Top of Input material
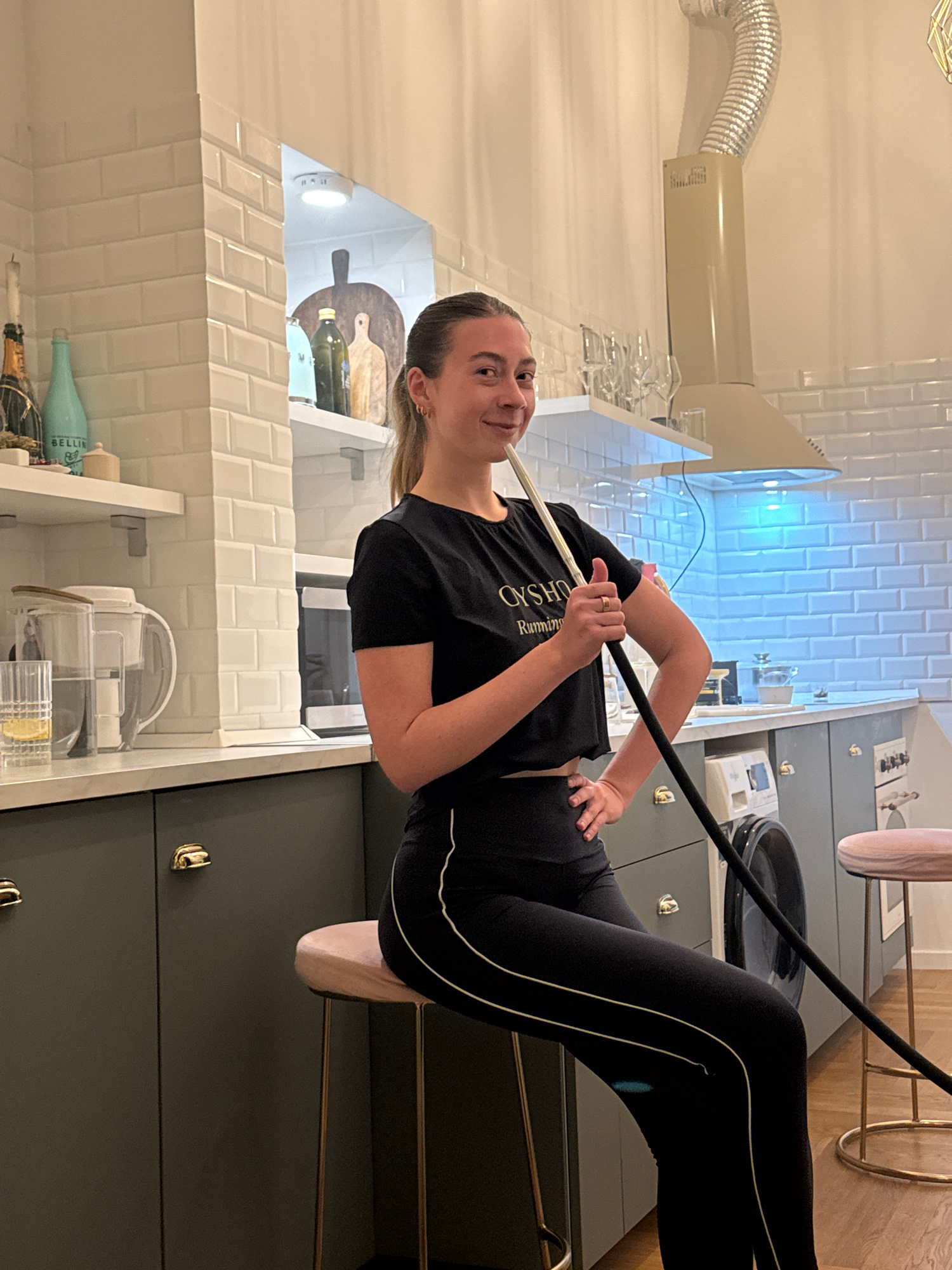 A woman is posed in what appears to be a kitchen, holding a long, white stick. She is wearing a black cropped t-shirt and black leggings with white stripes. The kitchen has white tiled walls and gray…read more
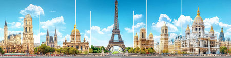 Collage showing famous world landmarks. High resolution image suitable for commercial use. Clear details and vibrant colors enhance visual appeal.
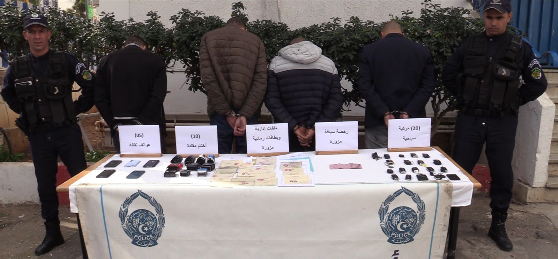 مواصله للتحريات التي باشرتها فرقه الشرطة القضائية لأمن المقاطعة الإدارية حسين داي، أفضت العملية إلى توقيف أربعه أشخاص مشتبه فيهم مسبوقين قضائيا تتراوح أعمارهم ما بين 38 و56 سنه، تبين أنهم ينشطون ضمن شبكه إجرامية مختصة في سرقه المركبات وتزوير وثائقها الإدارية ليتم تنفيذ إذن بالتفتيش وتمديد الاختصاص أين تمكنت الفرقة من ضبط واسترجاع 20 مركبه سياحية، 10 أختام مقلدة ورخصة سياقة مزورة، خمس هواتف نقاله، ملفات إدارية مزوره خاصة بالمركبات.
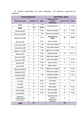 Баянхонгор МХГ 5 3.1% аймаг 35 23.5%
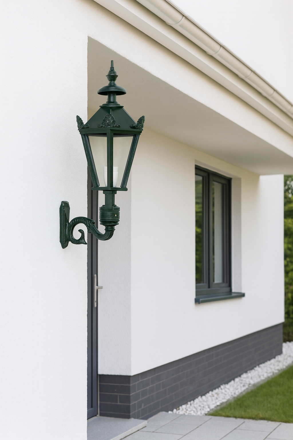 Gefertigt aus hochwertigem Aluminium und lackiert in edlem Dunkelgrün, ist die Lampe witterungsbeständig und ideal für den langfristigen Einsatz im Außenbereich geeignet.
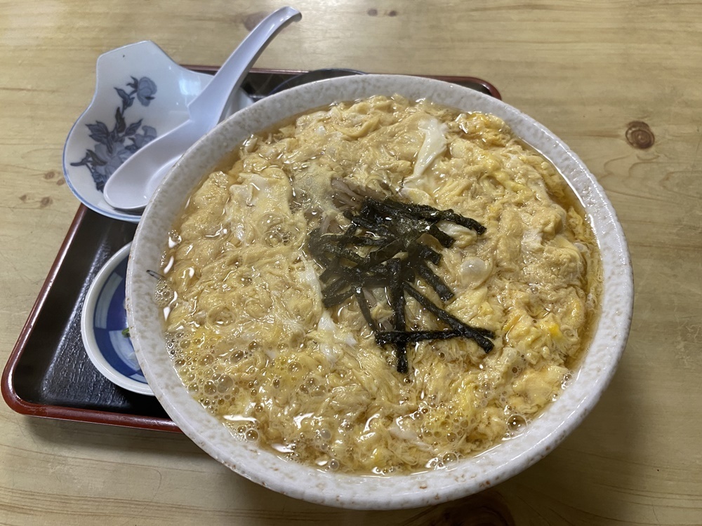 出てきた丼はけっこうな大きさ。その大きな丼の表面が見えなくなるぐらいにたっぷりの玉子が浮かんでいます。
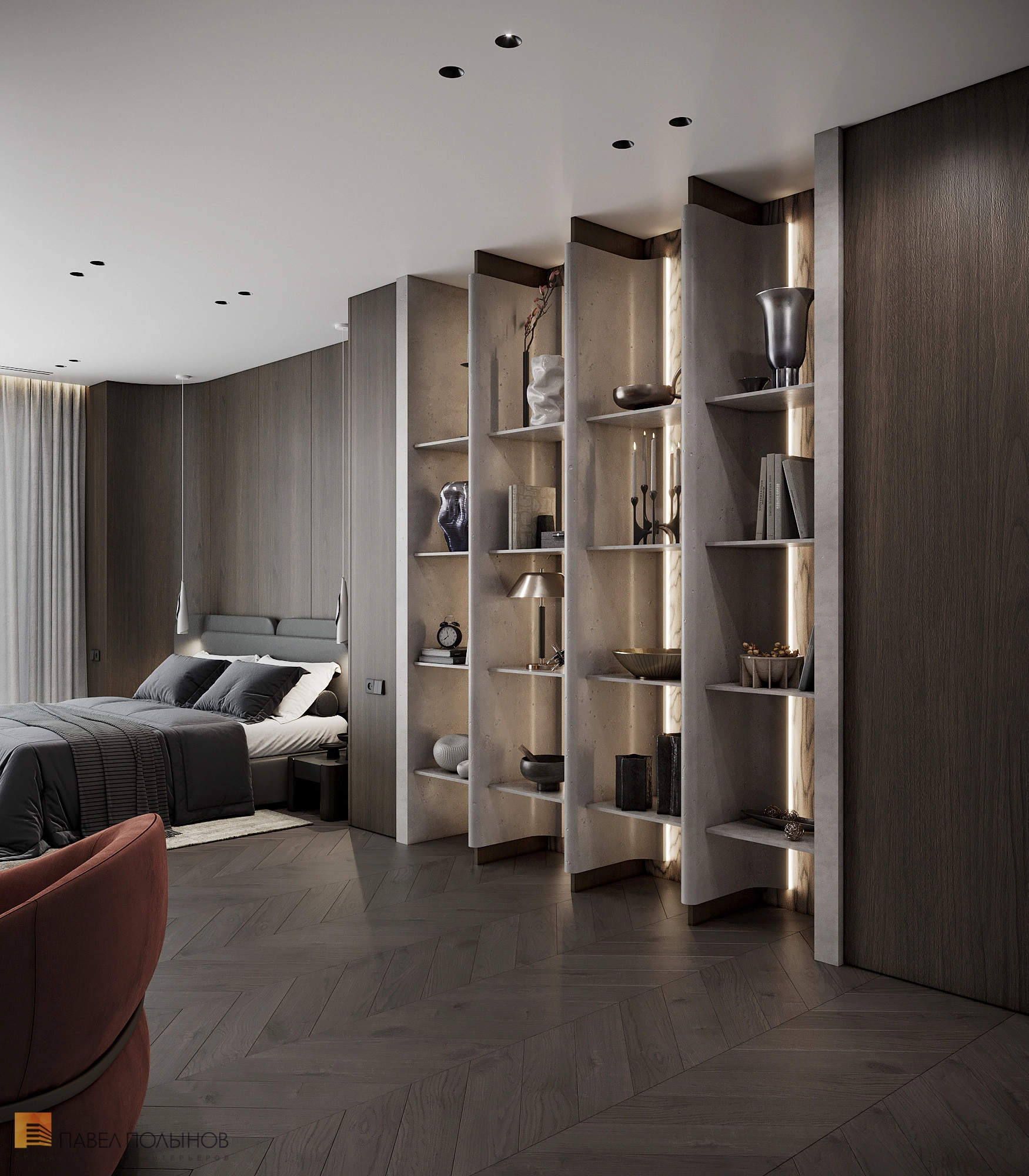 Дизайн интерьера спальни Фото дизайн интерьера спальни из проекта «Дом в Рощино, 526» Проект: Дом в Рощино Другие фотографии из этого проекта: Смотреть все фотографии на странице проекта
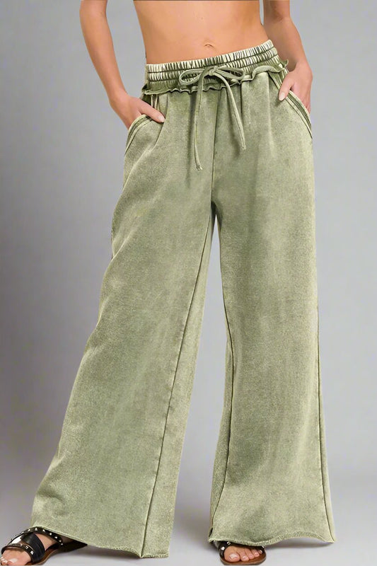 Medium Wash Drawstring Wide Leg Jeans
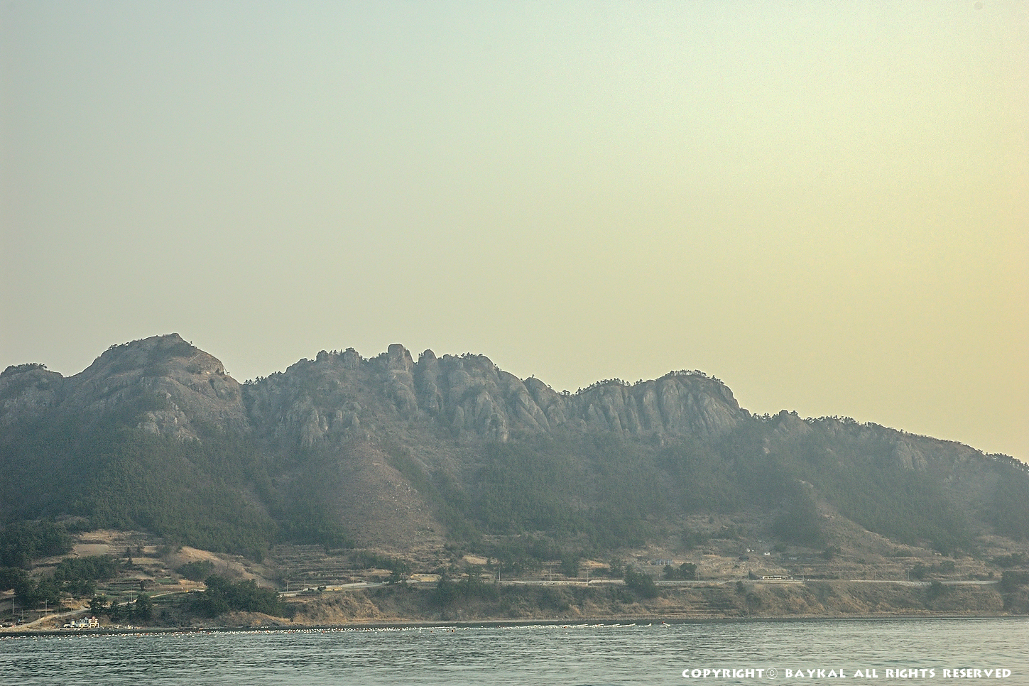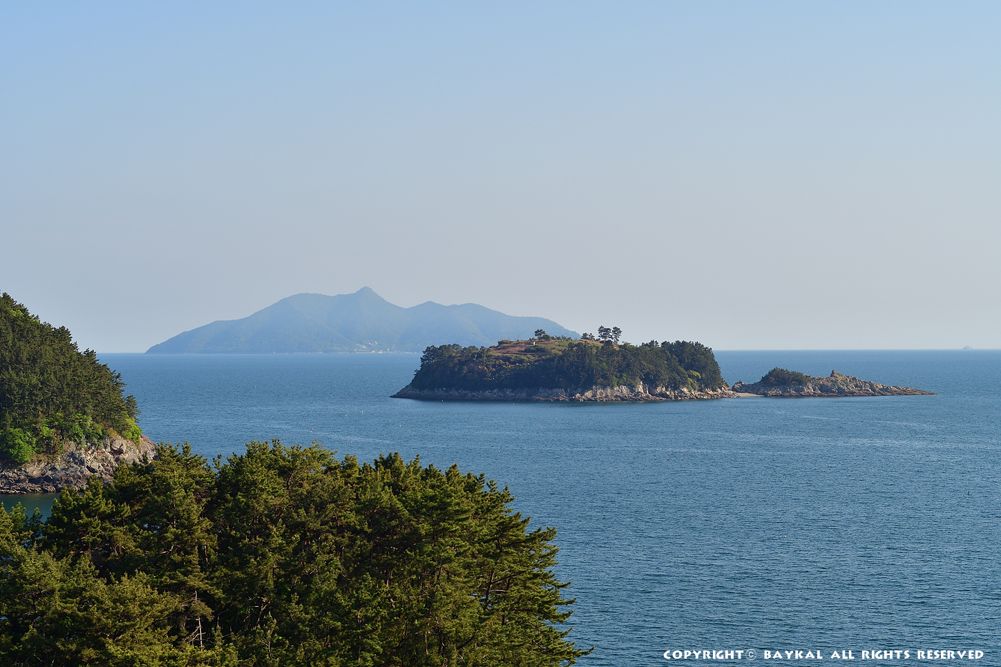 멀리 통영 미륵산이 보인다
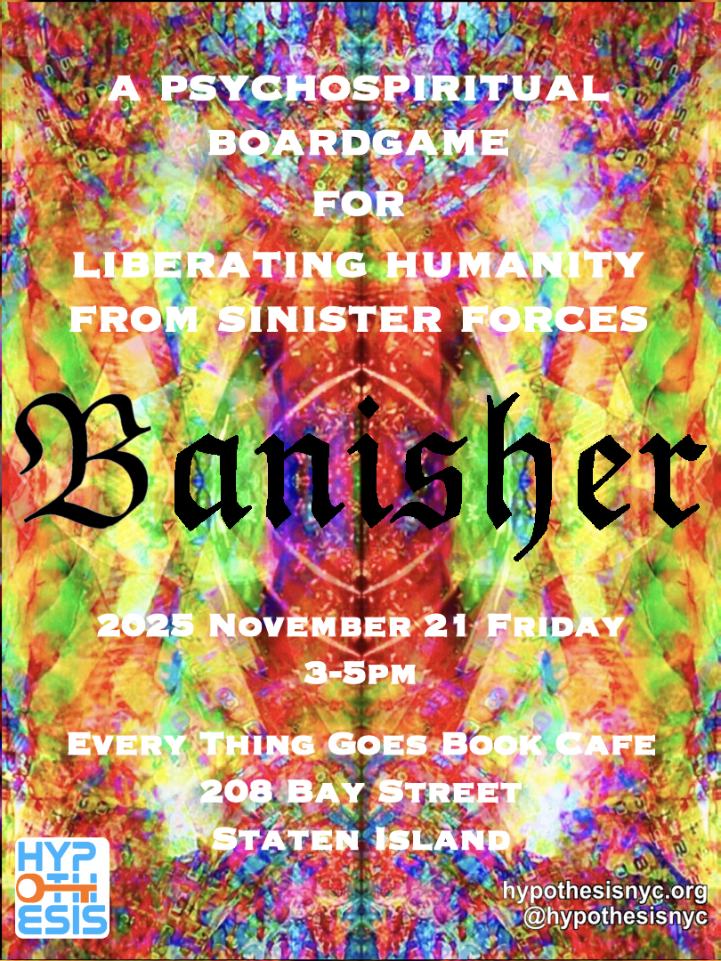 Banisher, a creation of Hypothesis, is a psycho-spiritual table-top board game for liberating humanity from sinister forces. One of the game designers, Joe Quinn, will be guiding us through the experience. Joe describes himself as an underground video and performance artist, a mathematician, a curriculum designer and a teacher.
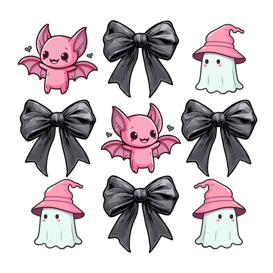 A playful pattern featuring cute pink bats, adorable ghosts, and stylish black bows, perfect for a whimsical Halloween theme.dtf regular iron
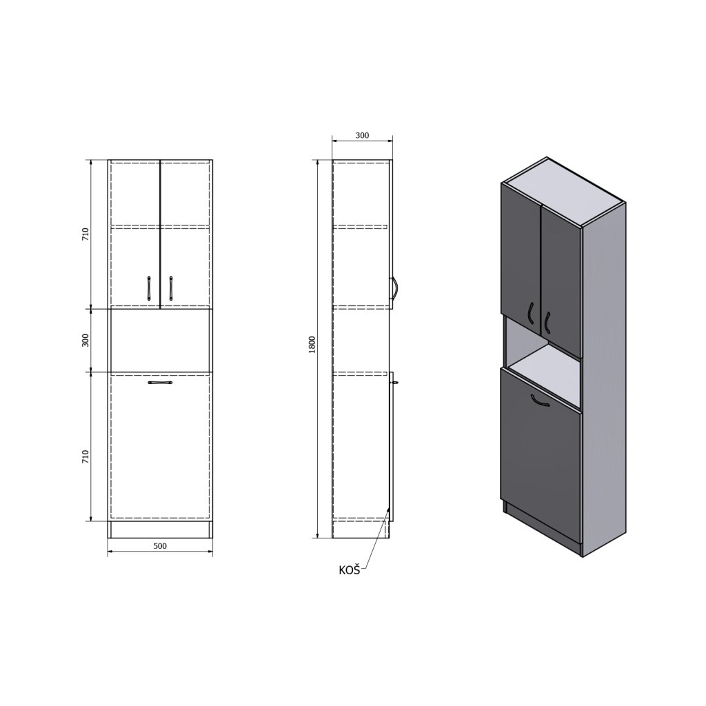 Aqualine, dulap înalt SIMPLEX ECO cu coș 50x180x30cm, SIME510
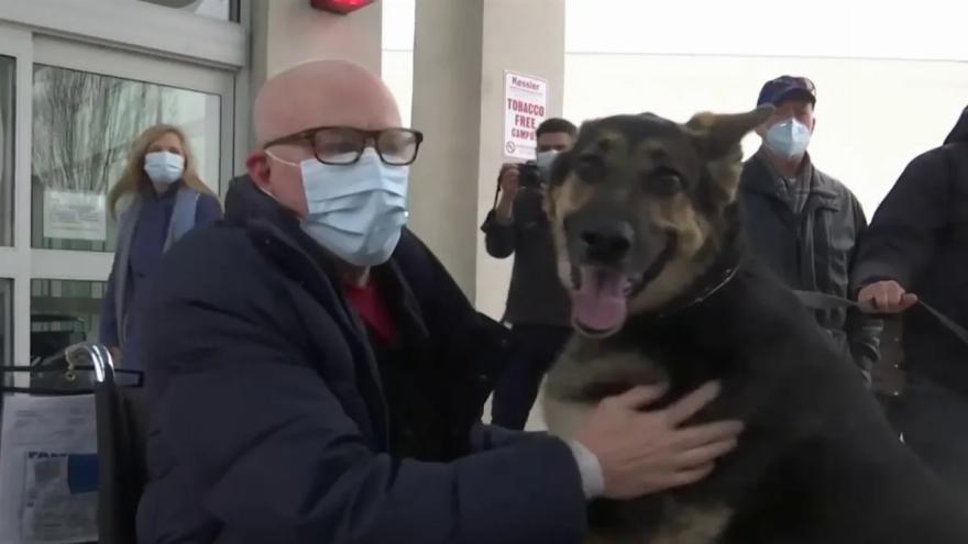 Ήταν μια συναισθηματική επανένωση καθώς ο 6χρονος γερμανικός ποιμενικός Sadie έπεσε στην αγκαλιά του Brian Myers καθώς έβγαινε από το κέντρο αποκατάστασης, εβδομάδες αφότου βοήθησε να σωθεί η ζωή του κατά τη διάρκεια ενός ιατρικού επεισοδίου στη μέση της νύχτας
Bottom of Input material
Transcribe all of the listing precisely. The images stay out of it.

Result for this exercise>
 A woman is posed in what appears to be a kitchen, holding a long, white stick. She is wearing a black cropped t-shirt and black leggings with white stripes. The kitchen has white tiled walls and gray…read more
 Collage showing famous world landmarks. High resolution image suitable for commercial use. Clear details and vibrant colors enhance visual appeal.
 مواصله للتحريات التي باشرتها فرقه الشرطة القضائية لأمن المقاطعة الإدارية حسين داي، أفضت العملية إلى توقيف أربعه أشخاص مشتبه فيهم مسبوقين قضائيا تتراوح أعمارهم ما بين 38 و56 سنه، تبين أنهم ينشطون ضمن شبكه إجرامية مختصة في سرقه المركبات وتزوير وثائقها الإدارية ليتم تنفيذ إذن بالتفتيش وتمديد الاختصاص أين تمكنت الفرقة من ضبط واسترجاع 20 مركبه سياحية، 10 أختام مقلدة ورخصة سياقة مزورة، خمس هواتف نقاله، ملفات إدارية مزوره خاصة بالمركبات.
 Баянхонгор МХГ 5 3.1% аймаг 35 23.5%
 Gefertigt aus hochwertigem Aluminium und lackiert in edlem Dunkelgrün, ist die Lampe witterungsbeständig und ideal für den langfristigen Einsatz im Außenbereich geeignet.
 出てきた丼はけっこうな大きさ。その大きな丼の表面が見えなくなるぐらいにたっぷりの玉子が浮かんでいます。
 Дизайн интерьера спальни Фото дизайн интерьера спальни из проекта «Дом в Рощино, 526» Проект: Дом в Рощино Другие фотографии из этого проекта: Смотреть все фотографии на странице проекта
 Medium Wash Drawstring Wide Leg Jeans
 멀리 통영 미륵산이 보인다
 Banisher, a creation of Hypothesis, is a psycho-spiritual table-top board game for liberating humanity from sinister forces. One of the game designers, Joe Quinn, will be guiding us through the experience. Joe describes himself as an underground video and performance artist, a mathematician, a curriculum designer and a teacher.
 A playful pattern featuring cute pink bats, adorable ghosts, and stylish black bows, perfect for a whimsical Halloween theme.dtf regular iron
 Aqualine, dulap înalt SIMPLEX ECO cu coș 50x180x30cm, SIME510
 Ήταν μια συναισθηματική επανένωση καθώς ο 6χρονος γερμανικός ποιμενικός Sadie έπεσε στην αγκαλιά του Brian Myers καθώς έβγαινε από το κέντρο αποκατάστασης, εβδομάδες αφότου βοήθησε να σωθεί η ζωή του κατά τη διάρκεια ενός ιατρικού επεισοδίου στη μέση της νύχτας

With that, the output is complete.